13. Key 2026 Tax Law Changes
One Big Beautiful Bill Act (Signed July 2025)
- Gambling loss deduction cap: Starting in 2026, gambling losses can only offset up to 90% of gambling winnings (previously 100%)
- This means if you report prediction market gains as gambling income, even a break-even year could result in a tax bill
- Estimated to raise $1.1 billion over 10 years
- Impact: Creates a strong incentive to use the capital gains treatment instead of gambling treatment
CFTC Approval of Polymarket US (November 2025)

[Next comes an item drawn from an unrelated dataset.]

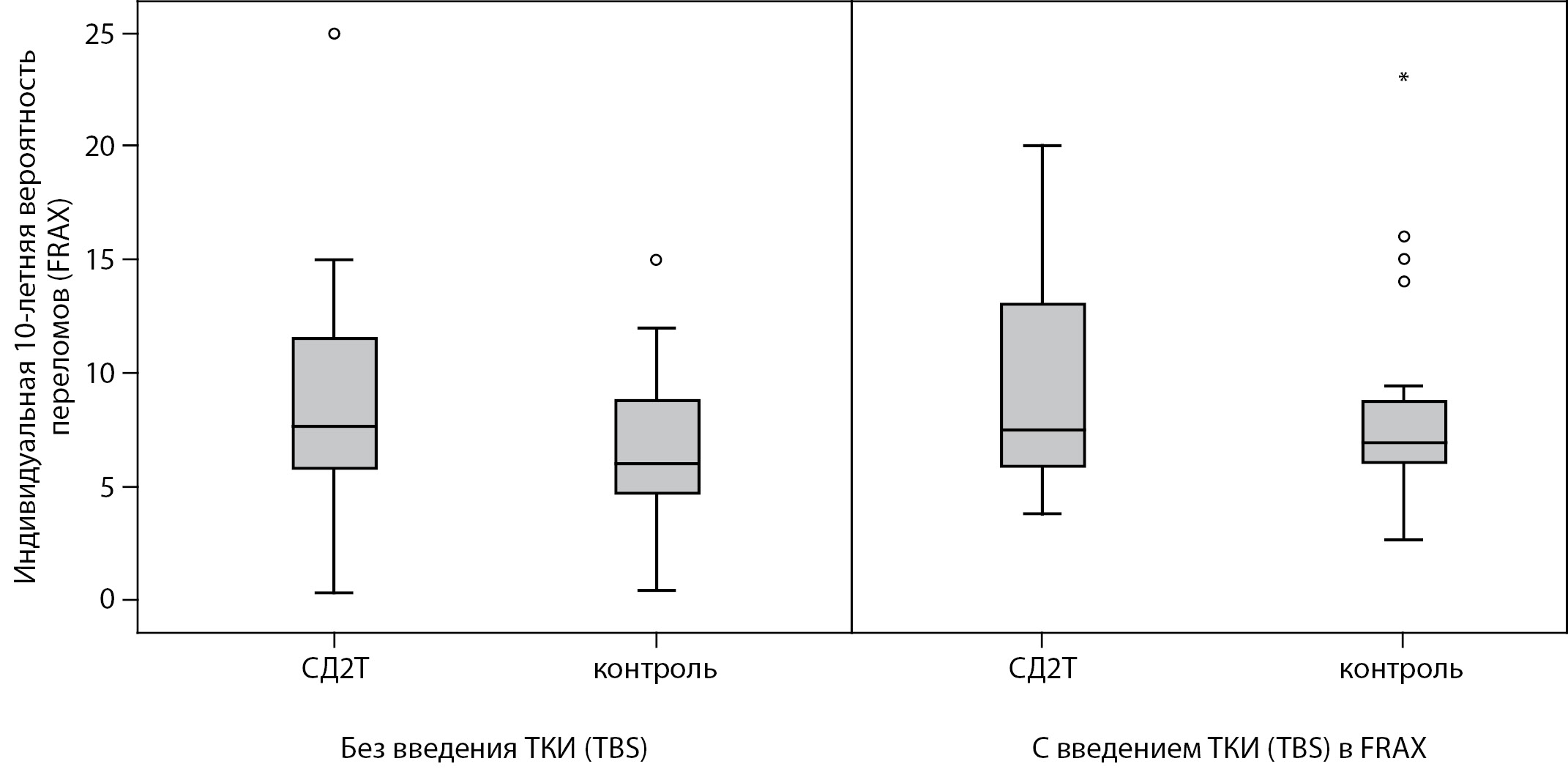 Выводы. ТКИ повышает результаты оценки индивидуальной 10-летней вероятности переломов (FRAX) и может быть одним из диагностических критериев определения вероятности переломов у пациентов с СД2. Вместе с тем необходимо дальнейшее изучение новых диагностических инструментов и их применения при СД2.

- Polymarket received CFTC designation, enabling legal US operations with full KYC
- May eventually lead to formal 1099 reporting obligations
- Strengthens the argument that prediction market contracts are regulated derivatives, not gambling
Ongoing Litigation (April 2026)
- The 9th Circuit will hear oral arguments on April 16, 2026 in NADEX v. Nevada
- CFTC has argued event contracts are "swaps" — if upheld, this could disqualify Section 1256 treatment
- The outcome will significantly impact how prediction markets are classified for tax purposes
New 2026 Crypto Broker Reporting Rules (Form 1099-DA)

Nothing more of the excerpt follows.